Task brief: Print the entries that appear below, exactly as written and without their pictures.
>>
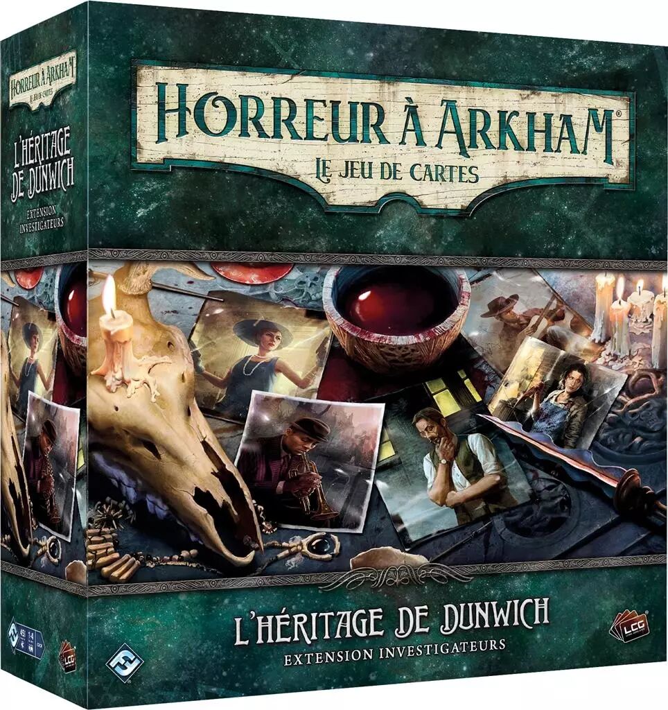 Une présence monstrueuse terrorisait autrefois le village isolé de Dunwich. Cette période d'horreur n'a pris fin qu'après que trois professeurs de l'université de Miskatonic - le Dr Henry Armitage, le Dr Francis Morgan et le professeur Warren Price - se soient aventurés à Dunwich, armés de savoirs ancestraux qui leur ont permis de vaincre la créature. Aujourd'hui, plusieurs mois plus tard, les collègues du Dr Armitage ont disparu, et il craint le pire...Revenez au tout premier cycle de contenu du jeu Horreur à Arkham : Le Jeu de Cartes avec l'extension Investigateurs pour L'Héritage de Dunwich. Comme pour les extensions Confins de la Terre, toutes les cartes de joueur de ce cycle se trouvent dans l'extension Investigateurs. Retrouvez Ashcan Pete et Zoey Samaras Ce sont 5 investigateurs que vous retrouverez dans cette extension ainsi que plus de 200 cartes joueurs qui vous permettrons d'améliorer et de varier vos decks afin de faire face au nombreux dangers des campagnes Horreur à Arkham Le Jeu de Cartes.
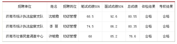 根據《2012年濟南市市屬事業單位公開招聘工作人員簡章》的規定,經過報名、資格審核、筆試、面試、考核、體檢等程序,確定3名擬聘用人員,現公示如下:
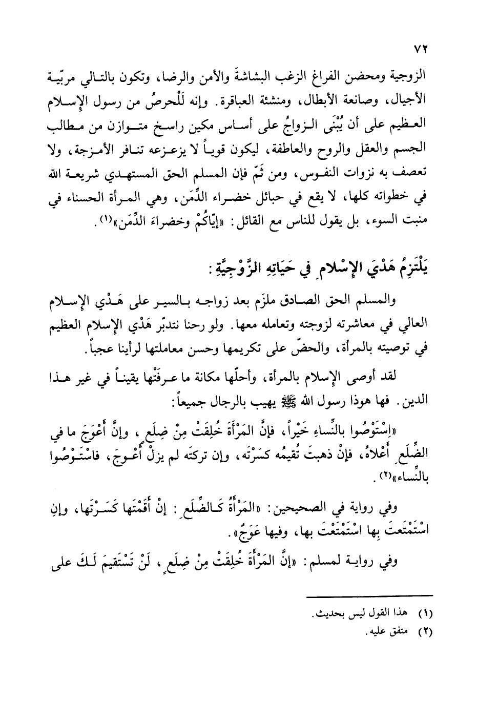 الزوجية ومحضن الفراغ الزغب البشاشة والأمن والرضا، وتكون بالتالي مربية الأجيال، وصانعة الأبطال، ومنشئة العباقرة. وإنه للحرص من رسول الإسلام العظيم على أن يبنى الزواج على أساس مكين راسخ متوازن من مطالب الجسم والعقل والروح والعاطفة، ليكون قويا لا يزعزعه تنافر الأمزجة، ولا تعصف به نزوات النفوس، ومن هنا كان المسلم الحق المستهدي شريعة الله في خطواته كلها بصيرا، لا يقع في حبائل خضراء الدمن، وهي المرأة الحسناء في منبت السوء، بل يقول للناس مع القائل: ((إياكم وخضراء الدمن)) (¬1).
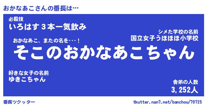 | 肩書あだ名 | 『おかなあこ社長令嬢』『おかなあこ班長』 |
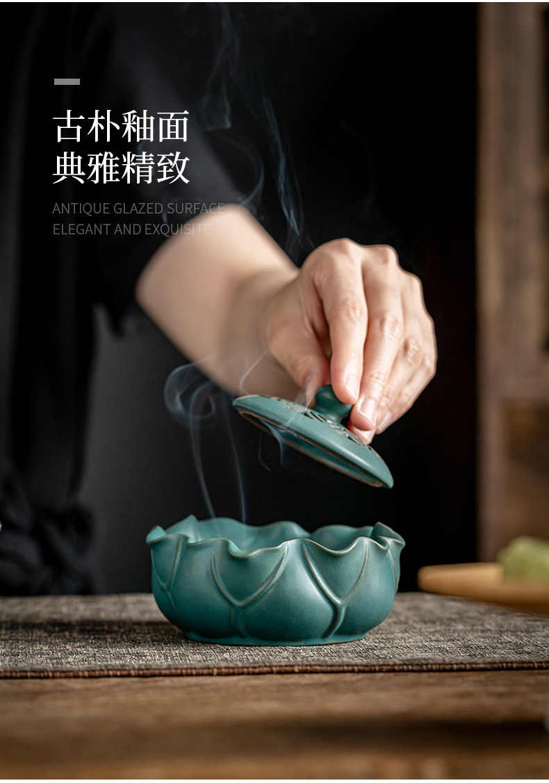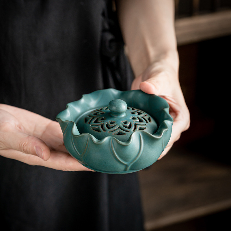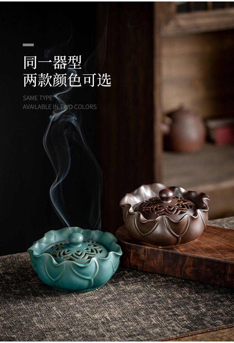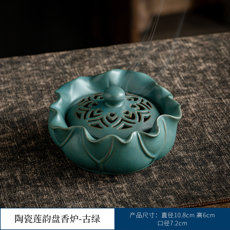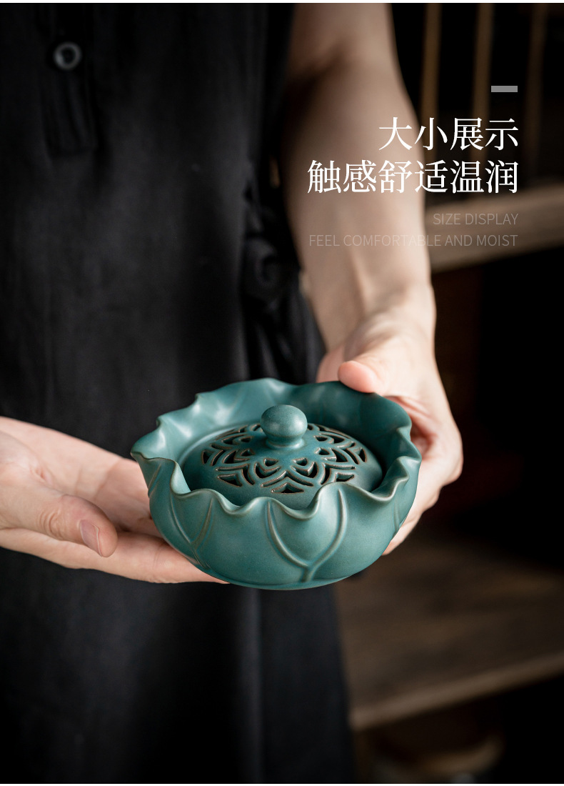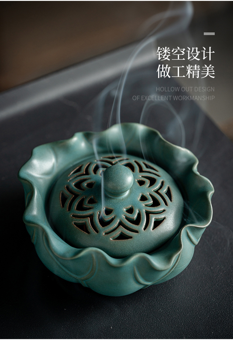 荷叶香炉陶瓷 檀香家用香道摆件荷花薰香炉创意香炉香道批发代发
<<
Answer section:
 Une présence monstrueuse terrorisait autrefois le village isolé de Dunwich. Cette période d'horreur n'a pris fin qu'après que trois professeurs de l'université de Miskatonic - le Dr Henry Armitage, le Dr Francis Morgan et le professeur Warren Price - se soient aventurés à Dunwich, armés de savoirs ancestraux qui leur ont permis de vaincre la créature. Aujourd'hui, plusieurs mois plus tard, les collègues du Dr Armitage ont disparu, et il craint le pire...Revenez au tout premier cycle de contenu du jeu Horreur à Arkham : Le Jeu de Cartes avec l'extension Investigateurs pour L'Héritage de Dunwich. Comme pour les extensions Confins de la Terre, toutes les cartes de joueur de ce cycle se trouvent dans l'extension Investigateurs. Retrouvez Ashcan Pete et Zoey Samaras Ce sont 5 investigateurs que vous retrouverez dans cette extension ainsi que plus de 200 cartes joueurs qui vous permettrons d'améliorer et de varier vos decks afin de faire face au nombreux dangers des campagnes Horreur à Arkham Le Jeu de Cartes.
 根據《2012年濟南市市屬事業單位公開招聘工作人員簡章》的規定,經過報名、資格審核、筆試、面試、考核、體檢等程序,確定3名擬聘用人員,現公示如下:
 الزوجية ومحضن الفراغ الزغب البشاشة والأمن والرضا، وتكون بالتالي مربية الأجيال، وصانعة الأبطال، ومنشئة العباقرة. وإنه للحرص من رسول الإسلام العظيم على أن يبنى الزواج على أساس مكين راسخ متوازن من مطالب الجسم والعقل والروح والعاطفة، ليكون قويا لا يزعزعه تنافر الأمزجة، ولا تعصف به نزوات النفوس، ومن هنا كان المسلم الحق المستهدي شريعة الله في خطواته كلها بصيرا، لا يقع في حبائل خضراء الدمن، وهي المرأة الحسناء في منبت السوء، بل يقول للناس مع القائل: ((إياكم وخضراء الدمن)) (¬1).
 | 肩書あだ名 | 『おかなあこ社長令嬢』『おかなあこ班長』 |
 荷叶香炉陶瓷 檀香家用香道摆件荷花薰香炉创意香炉香道批发代发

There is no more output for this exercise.